A computer system according to claim 2, wherein
When the host machine detects a failure of the guest machine other than the execution of the probe code by the guest machine, the host machine sets the entire data area in the memory area for the host machine as a dump acquisition area A computer system.
The computer system according to claim 1,
The host machine manages the memory area for the host machine as a plurality of pages,
When a failure occurs in the guest machine, writing to the plurality of pages is prohibited for the plurality of pages including the dump acquisition area,
When a write request to a page for which writing has been prohibited by processing of a guest machine other than the failed guest machine is issued, after copying the data stored in the page to the data saving memory area, Allow writing to the page, update the page according to the write request,
A computer system for recording a head address of a copy destination and an identification number of the page.
A computer system according to claim 5, wherein
Upon receiving the dump write request, the host machine checks whether the page identification number is recorded in association with the copy destination start address for each of the plurality of pages including the dump acquisition area. Is recorded in association with the start address of the copy destination, the data corresponding to the size of the page is read from the start address, and the identification number of the page is associated with the start address of the copy destination. When not recorded, the computer system reads data from the page in the memory area for the host machine and writes the read data to a recording medium
The computer system according to claim 1,
A computer system, wherein the host machine sends a signal for alive monitoring to a guest machine and detects a failure of the guest machine when a response to the signal is not received.

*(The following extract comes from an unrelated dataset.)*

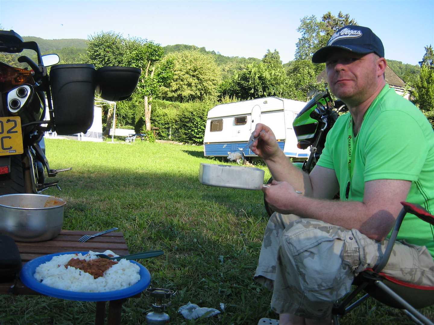 As early evening set in we went for a walk into Castillon. We found a mini-market and bought some eggs and bread for breakfast and of course we had to get they by now traditional ice-cream, then returned to the tents for a curry and rice and a shower before returning to Castillon for a few beers.

The computer according to claim 2,
The processor is a multi-core processor having a plurality of core processors,
When the host machine prohibits writing to the dump acquisition area, the host machine prohibits writing to the dump acquisition area after stopping processing of a core processor other than the core processor that executed the probe code. ,
A computer system that resumes the processing of a core processor that stopped processing after writing to the dump acquisition area is prohibited.